No. It’s to make them self documenting, since those particular badges on our instance are based on 3^3, 3^4, 3^5, 3^6 etc, (i.e. because 9, 27, 81, 243 and higher are less readable when glancing at the query.)
If you’re basing yours on powers of 10, then simply use 10000, 20000, 30000 or whatever.
Yes, but
- Do you mean badges for one single topic?
- All topics within a single category?
If the first, then that’s easy, the topic_id
is in post_timings
:
SELECT pt.user_id, count(*) c, CURRENT_DATE as granted_at
FROM post_timings pt
WHERE :backfill
AND topic_id=<TOPICNum>
GROUP BY pt.user_id
HAVING count(*) >= pow(3, 9) AND count(*) < pow(3, 10) /* Change the 9 and 10 (x and x+1) for the different badges */
ORDER BY c DESC
But you’d need a separate set of badges for each topic you want to count posts in.

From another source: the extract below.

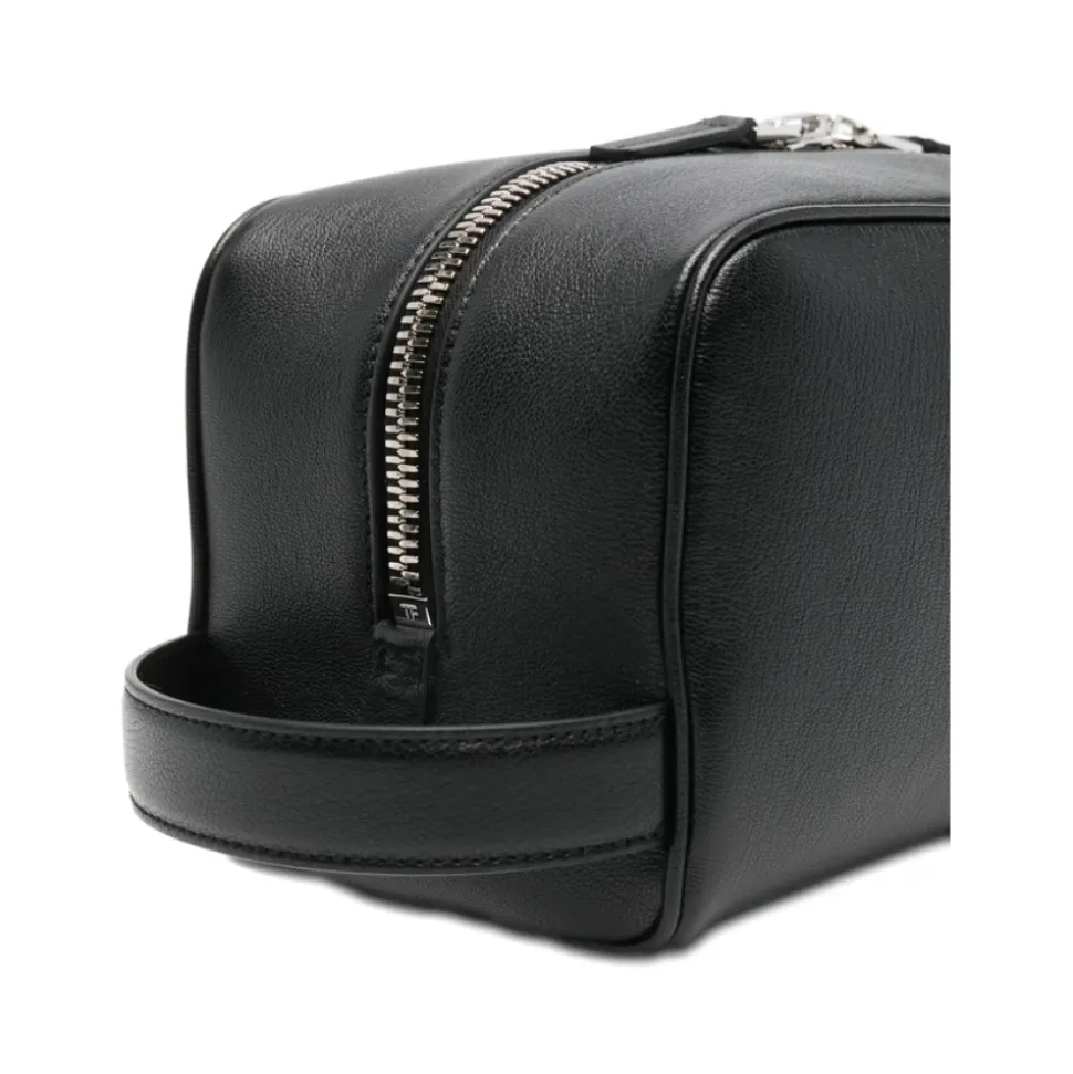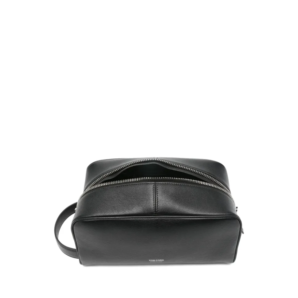 Tom Ford Toilletry Bag er et raffineret rejsetilbehør fra Tom Ford, designet til sikker og kompakt opbevaring. Den fremhæver en ren silhuet med signaturlogo detaljer og en lynlåslukning for nem adgang. Nøgleattributter: Sort | Lynlåslukning | Indvendig lomme til organisering | Logo detalje | Elegant, minimal silhuet

If it’s the second - all topics within a category then you’re going to need to join against the topics
table to get the category_id
you’re looking for:
SELECT pt.user_id, count(*) c, CURRENT_DATE as granted_at
FROM post_timings pt
JOIN topics t on t.id=pt.topic_id
WHERE :backfill
AND t.category_id=<CATEGORYNum>
GROUP BY pt.user_id
HAVING count(*) >= pow(3, 9) AND count(*) < pow(3, 10) /* Change the 9 and 10 (x and x+1) for the different badges */
ORDER BY c DESC
Ditto for the above though - you’d need a separate set of badges for each category you want badges for (unless you do AND t.category_id in (<CATNO1>, <CATNO2>, <CATNO3>)
)
Note, however, that these queries are expensive in the time they take to execute. Run them at most once a day.